Штольманна. После свадьбы всё только начинается... - читать онлайн бесплатно полную версию книги . Страница 1

Санкт-Петербургъ, 1890-й годъ

Сразу после венчания состоялся бал, устроенный стараниями многочисленной родни Якова Платоновича и его петербургских друзей и знакомцев. Елизавета Платоновна, то и дело утирающая слёзы умиления при взгляде на сияющего от счастия брата Якова, хищно поблёскивала глазами в сторону оставшегося неженатым брата Платона. Платон Платонович от сих взоров нервно сглатывал и старался от сестрицы не в меру предприимчивой держаться в стороне. Как говорится, от греха подальше. Сковывать себя цепями Гименея Платон не спешил, хоть и искренне радовался за очередного обжененного брата.

После танцев и ужина гости, как чаще всего и бывает, разбились по группкам, с интересом обсуждая кто внешнюю политику, кто судебные тонкости, паче того новые методы дознания и изобличения преступников, кто последнюю французскую моду и ожидаемые в этом сезоне балы.

— Мария Тимофеевна, Вам всенепременно стоит съездить к Ольге Карловне Кукушкиной, она признанная мастерица-шляпница у нас в городе, — Юленька, согласно ранее утверждённому, как смеялся Яков, стратегическому плану, развлекала беседой матушку невесты, дабы дама не чувствовала себя неуютно и не так трепетно следила за Анной Викторовной. Право слово, некоторые правила приличия уже давным-давно изжили себя, ну что, спрашивается, за грех, коли молодой муж чуть крепче в танце приобнимет супругу?!
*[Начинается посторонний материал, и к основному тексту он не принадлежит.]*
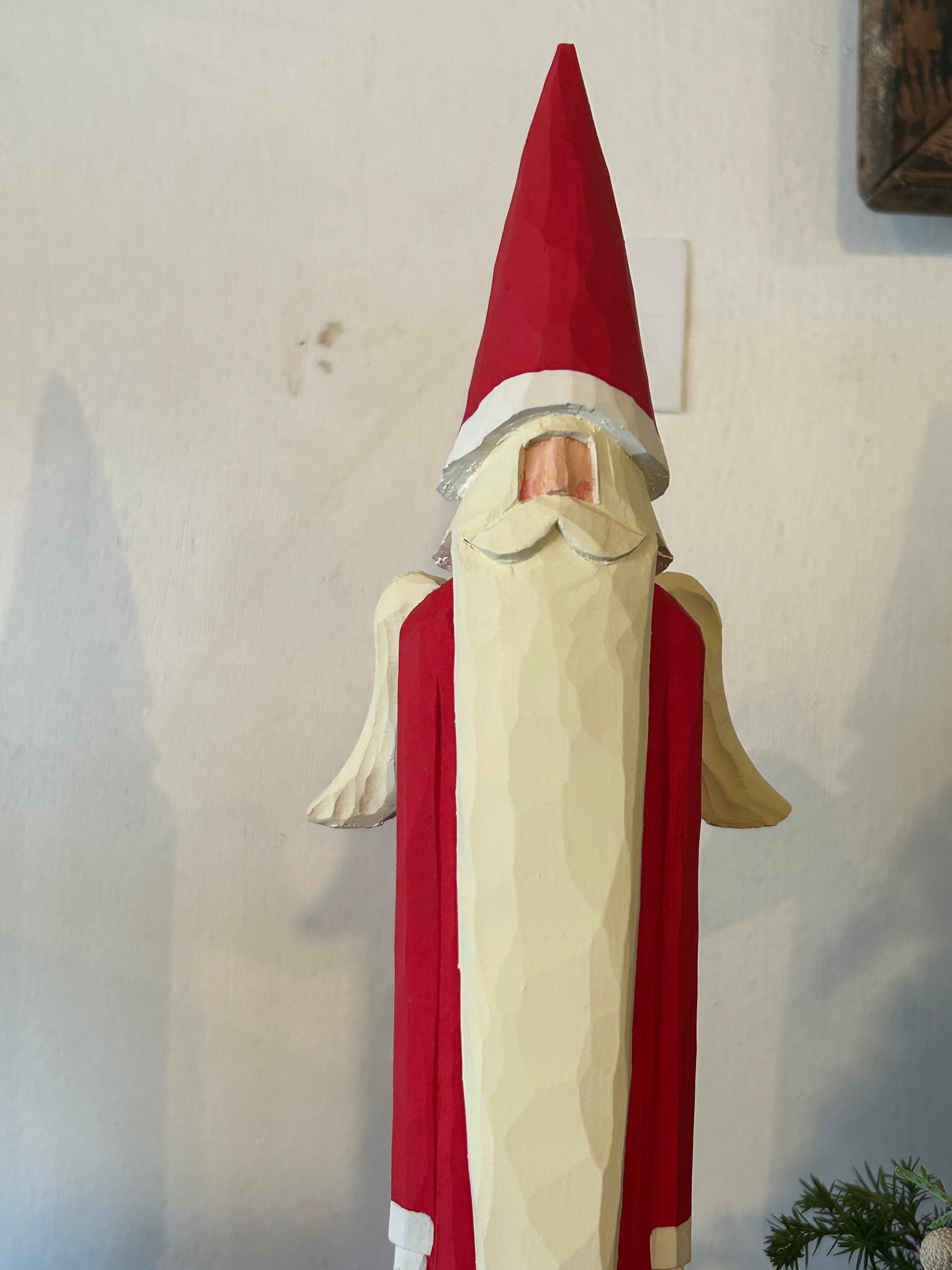 サンタは緑の土台にくっついて立っています。(土台サイズ:約8.5×8.5×h2.8cm)
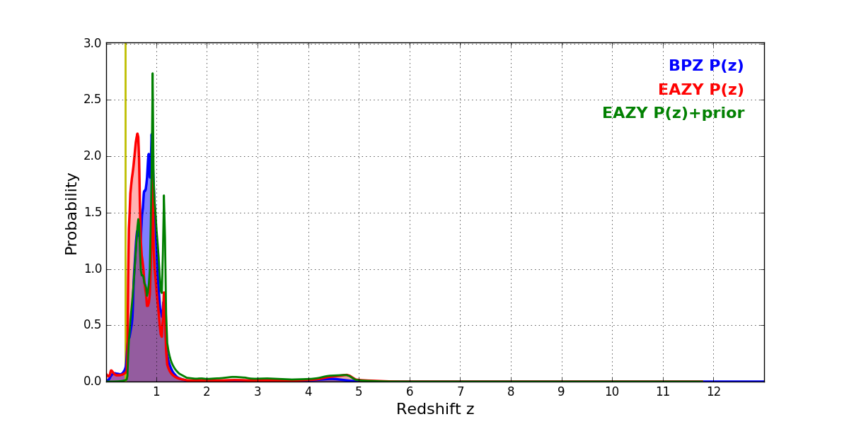 In P(z) plots: Yellow lines mark the cluster redshift z = 0.383,
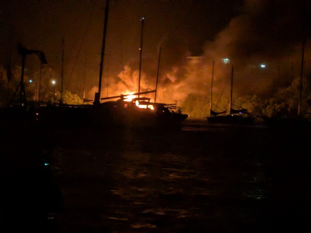 For the following hours I stayed up keeping an eye on it, ready to make a quick move. Some closer boats even went to anchor further away worried for their safety. There was nothing to do to stop the fire as it was just out of control. The only option for the local firefighters was to try to make it sink as fast as possible, spraying it with all they had. Even neighbouring towns sent help.
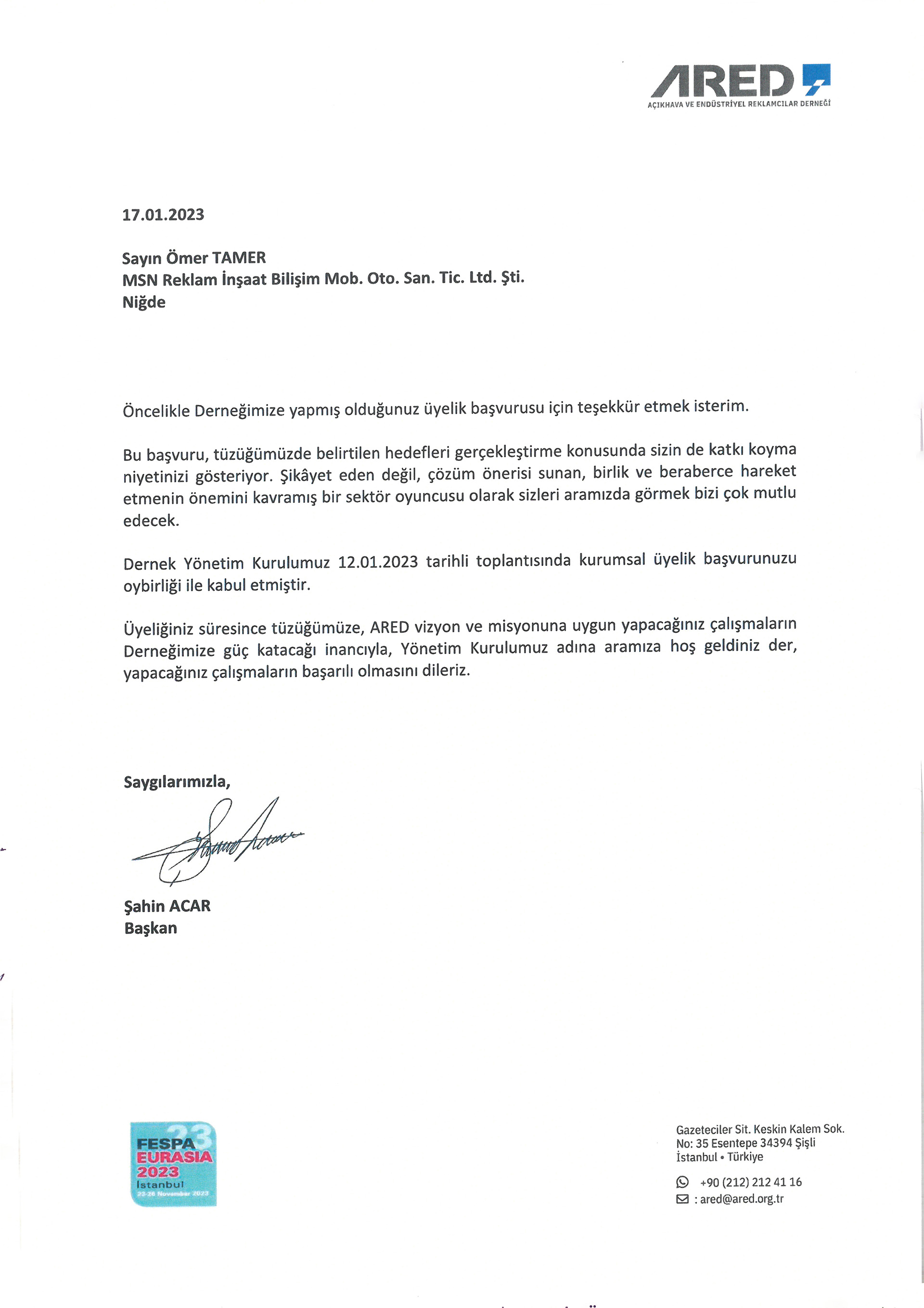 FESPA EURASIA 2023 ARED SERTIFIKA

Конечно, ухаживания за чужой женой поощрять нельзя, это даже обсуждать смешно, но со своей-то собственной, богоданной и венчанной, статуем каменным держаться не стоит. А Мария Тимофеевна настаивала на том, чтобы этикет соблюдался неукоснительно, а это, право слово, скука, господа и дамы, смертная. Вот Лизхен и придумала, как так всё устроить, чтобы и тёща довольна была, и молодые могли себе позволить быть не только сахарными фигурками на торжестве. Юленька взяла на себя миссию по развлечению матушки Анны Викторовны, благо успела побывать в Затонске и свести с Марией Тимофеевной знакомство. Не очень долгое, правда, но это дело поправимое.

— Вот как? — Мария Тимофеевна, как и многие женщины, трепетно любящая наряды, заинтересованно приподняла брови.

Юленька взмахнула ручками:

— Именно. Вот, взгляните, какую прелесть Ольга Карловна для Аннушки смастерила!

Мария Тимофеевна с нескрываемой гордостью посмотрела на дочь, в белоснежном, расшитом мелким речным жемчугом и украшенном кружевами платье выглядевшую настоящей снежной принцессой. Голову Анны венчала изумительной красоты шляпка, более похожая на венок, с коего вниз спускалась тонкая полупрозрачная фата. Мария Тимофеевна вздохнула, вспомнив, как дочь неохотно согласилась на фамильную, прослужившую нескольким поколениям невест, фату, предлагая заменить её более короткой и практичной вуалеткой.

— Об этом не может быть и речи, дорогая моя, — Мария Тимофеевна непреклонно покачала головой, — фата — символ невинности невесты, её чистоты и непорочности.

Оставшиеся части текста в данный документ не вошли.